What this task involves - Lines from the one with "Special Bows 2" up to and including the one with "1、打开dayband手环对应的APP,点击底部设备选项,进入设备页面。" are to be copied exactly from the records below, without their pictures.

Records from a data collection
*** Begin section ***
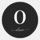 Pegatina Redonda Nombre De Guión Monograma Personalizado Blanco Y N
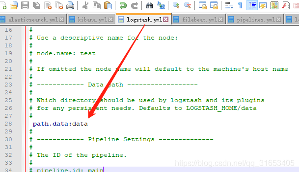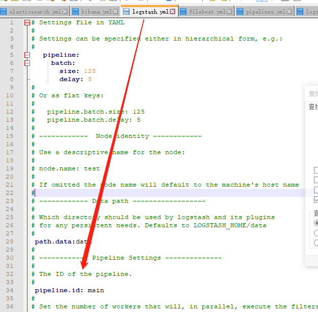 修改文件pipeline.yml文件内容,设置推送的logs文件路径:
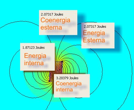 L'energia è praticamente nulla, sia all'interno che all'esterno del magnete. C'è solo la coenergia, (che potremmo chiamare energia quiescente), che vale proprio 9,22 J ed è concentrata nel volume interno al magnete.
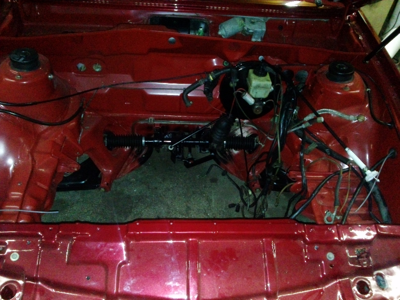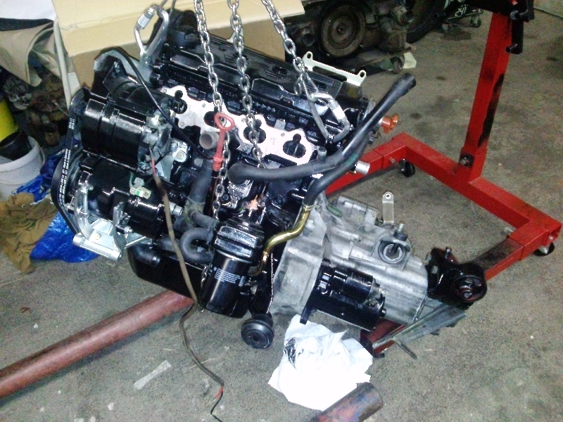 Letzte Woche hab ich schon mal den Motor rein gehoben. Komplett mit Getriebe und allen Bauteilen, ganz schön eng, aber machbar.
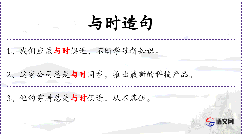 1. 【与时俱进】 - 是指准确把握时代特征,始终站在时代前列和实践前沿,始终坚持解放思想、实事求是和开拓进取,在大胆探索中继承和发展。
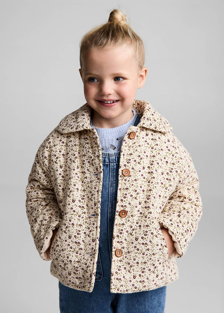 Tissu en coton mélangé. Coupe droite. Imprimé floral. Col babydoll. Manche longue. Doublure en polaire. Étiquette pour données personnelles. Boutons imitation bois. Fermeture à boutons à l'arrière
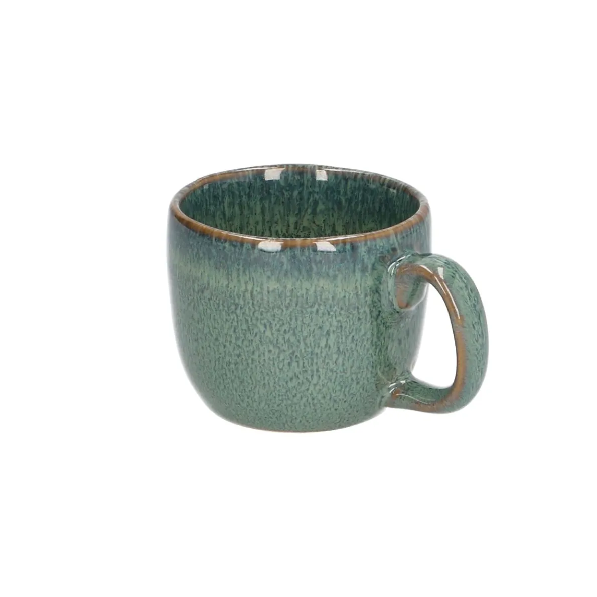 Dit prachtige steengoed servies in de tijdloze kleuren grijs en groen, heeft een reactieve glazuur. Door deze glazuur ontstaat een bijzonder kleurpatroon waardoor ieder item er uniek uitziet en het servies extra glans geeft aan een mooi gedekte tafel.
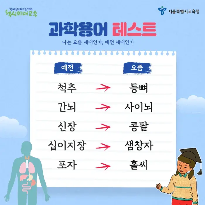 척추 대신 등뼈, 신장 대신 콩팥 등등 신기하네요.
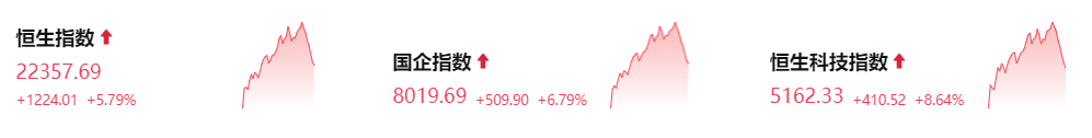 2024年10月2日港股行情。(圖源:富途) 今日,港股繼續大漲。恒生指數高開0.74%,恒生科技指數高開1.86%。開盤後,兩大指數繼續上行,截至發稿,恒生指數大張5.79%,恒生科技指數大漲8.64%。 熱門港股方面,申萬宏源香港漲134%,國泰君安國際漲近35%,招商證券漲超60%,中信證券漲近28%,光大證券漲近27%,中金公司漲超26%。 消息面上,國慶假期第一天,據《證券時報》消息,多家券商營業部均照常營業,安排了人員值班,一方面積極幫助新客戶開戶入場,另一方面幫助一些原有客戶及時開通兩融業務權限等。線上營業部照常營業,線上對客戶新開戶和新開通權限審核不停歇,多家券商還安排了券商投顧和研究所聯合的國慶節七天的直播路演,服務線上客戶。 昨夜,美股收盤,熱門中概股全線上漲,納斯達克中國金龍指數大漲5.48%。嗶哩嗶哩漲超14%,富途控股漲超12%,理想汽車漲超11%,房多多漲超9%,拼多多漲超8%,名創優品、京東、微博漲超7%,阿里巴巴漲超6%,騰訊音樂、小鵬汽車、唯品會、蔚來漲超5%,愛奇藝、百度漲超4%,虎牙、鬥魚、網易、滿幫漲超3%,新東方漲超1%。 據了解,貝萊德將中國股票的評級從中性上調至超配。貝萊德投資研究所表示,鑒於中國股票相對於發達市場股票的折價接近創紀錄水平,且存在可能刺激投資者重新入市的催化劑,短期內仍有適度增持中國股票的空間。 亞太股市其他市場多數下跌,截至發稿,日經225指數跌近2%,韓國綜合指數跌近1%,澳洲標普200指數微跌。 (完) 【編輯:錢林霞】
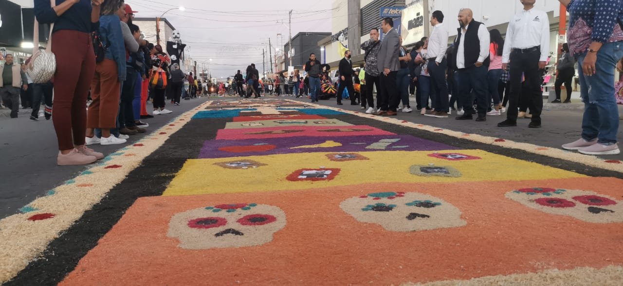 En este festival encontraron 10 mosaicos monumentales elaborados con aserrín de colores y veladoras. Estos tapetes tradicionales fueron hechos desde las 8 de la mañana por estudiantes, maestros y directivos de los 10 planteles de preparatoria y universidad de esta ciudad.
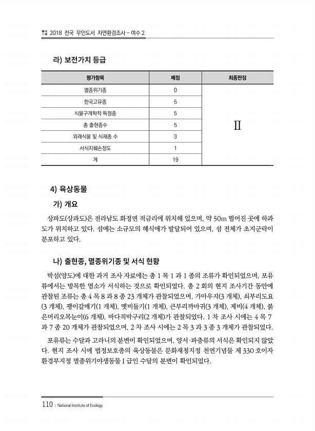 2018 전국 무인도서 자연환경조사 여수 2 110 ? National Institute of Ecology 평가항목 배점 최종판정 멸종위기종 0 Ⅱ 한국고유종 5 식물구계학적 특정종 5 총 출현종수 5 외래식물 및 식재종 수 3 서식지훼손정도 1 계 19 4 상파도 상과도 은 전라남도 화정면 적금리에 위치해 있으며, 약 50m 떨어진 곳에 하과 도가 위치하고 있다. 섬에는 소규모의 해식애가 발달되어 있으며, 섬 전체가 초지군락이 분포하고 있다. , 박섬 양도 에 대한 과거 조사 자료에는 총 1 목 1 과 1 종의 조류가 확인되었으며, 포유 류에서는 방목한 염소가 서식하는 것으로 확인되었다. 총 2 회의 현지 조사기간 동안에 관찰된 조류는 총 4 목 8 과 8 종 23 개체가 관찰되었으며, 가마우지 3 개체...
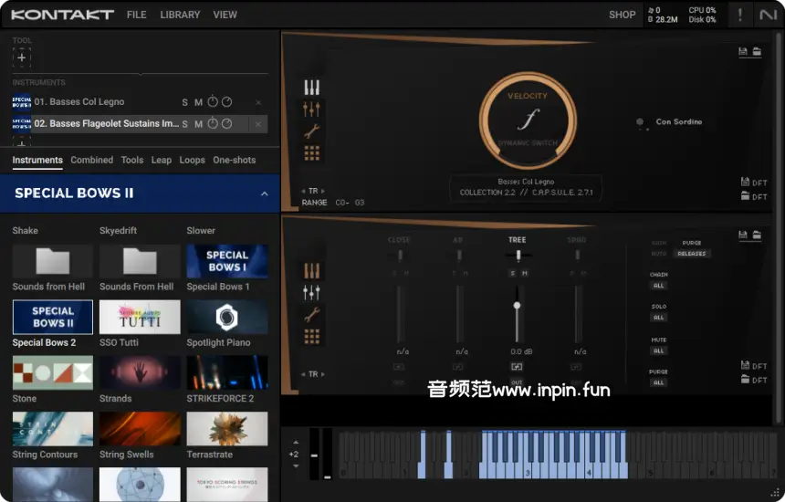 Special Bows 2 完全整合于Orchestral Tools的SINE Player中,提供了直观的用户界面,方便用户根据不同需求快速调整弓法、动态、演奏技法等细节。SINE Player还支持分层加载样本,减少系统资源占用,同时保持流畅的体验。
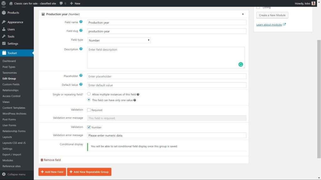现在我们可以恢复了。让我们继续展示我如何显示Production year的自定义字段,您可以在我的模板下图中看到:
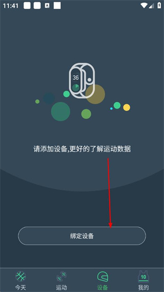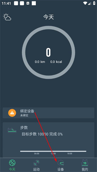 1、打开dayband手环对应的APP,点击底部设备选项,进入设备页面。
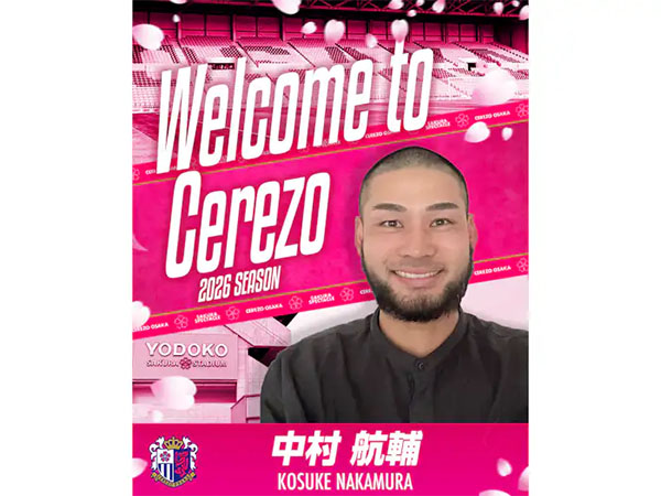 「セレッソ大阪に関わるすべての皆様、はじめまして。中村航輔です。このたび、偉大な歴史と伝統を持つセレッソ大阪に加入できたことを、大変光栄に思っております。クラブの一員として、日々全力で取り組み、チームの勝利に貢献できるよう努力してまいります。どうぞよろしくお願いいたします」
*** End section ***
Result of this task -
 Special Bows 2 完全整合于Orchestral Tools的SINE Player中,提供了直观的用户界面,方便用户根据不同需求快速调整弓法、动态、演奏技法等细节。SINE Player还支持分层加载样本,减少系统资源占用,同时保持流畅的体验。
现在我们可以恢复了。让我们继续展示我如何显示Production year的自定义字段,您可以在我的模板下图中看到:
 1、打开dayband手环对应的APP,点击底部设备选项,进入设备页面。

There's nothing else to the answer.